Dynamical phase transitions as a resource for quantum enhanced metrology

We consider the general problem of estimating an unknown control parameter of an open quantum system. We establish a direct relation between the evolution of both system and environment and the precision with which the parameter can be estimated. We show that when the open quantum system undergoes a first-order dynamical phase transition the quantum Fisher information (QFI), which gives the upper bound on the achievable precision of any measurement of the system and environment, becomes quadratic in observation time (cf. “Heisenberg scaling”). In fact, the QFI is identical to the variance of the dynamical observable that characterizes the phases that coexist at the transition, and enhanced scaling is a consequence of the divergence of the variance of this observable at the transition point. This identification makes it possible to establish the finite time scaling of the QFI. Near the transition the QFI is quadratic in time for times shorter than the correlation time of the dynamics. In the regime of enhanced scaling the optimal measurement whose precision is given by the QFI involves measuring both system and output.
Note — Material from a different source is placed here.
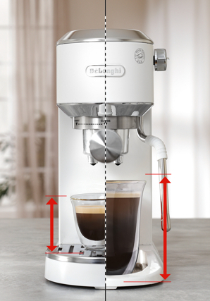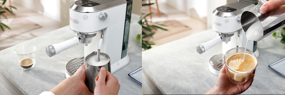 - 「デディカ デュオ」(ホワイト)=https://www.delonghi.com/ja-jp/p/dedica-duo-ec890j-wi-dedeika-deyuo-esupuretsuso%E3%83%BBkapuchi%E3%83%BCnome%E3%83%BCka%E3%83%BC-howaito/EC890J-WI.html?pid=0132106363

As a particular realization of these ideas, we describe a theoretical scheme for quantum enhanced estimation of an optical phase shift using the photons being emitted from a quantum system near the coexistence of dynamical phases with distinct photon emission rates.

Figure 1

(a) Open quantum system with a dynamics that features two dynamical phases of different activity and depends on the unknown parameter $g$. Near a first-order DPT the output (e.g., photons) shows strong intermittency where the temporal length of active and inactive periods is on average proportional to the correlation time $\tau$. (b) In the vicinity of a DPT the QFI of the combined system-output state scales quadratically for observation times $t\ll \tau$. In the example of photon counting this regime features a bimodal count distribution; i.e., the two phases can be resolved. For $t\gg \tau$ this is no longer the case and the distribution becomes unimodal. Consequently, the QFI acquires a linear scaling with $t$. (c) Wigner distribution $W(Q,P)$ of the state (12) after being projected on an appropriate system state, e.g., $|\mathrm{I}\rangle +|\mathrm{A}\rangle$. The two peaks are located at radii that correspond to the count rates ${\mu }_{\mathrm{I},\mathrm{A}}$ of the inactive and active phases. The count distribution is not sensitive to the parameter $\varphi$, hence, counting is not an appropriate measurement for its estimation. Still, this state features an enhanced QFI with respect to changes in the parameter $\varphi$ due to the highly oscillatory fringe pattern [with period $\propto t({\mu }_{\mathrm{A}}-{\mu }_{\mathrm{I}})]$ between the two peaks, which is characteristic for a Schrödinger cat state.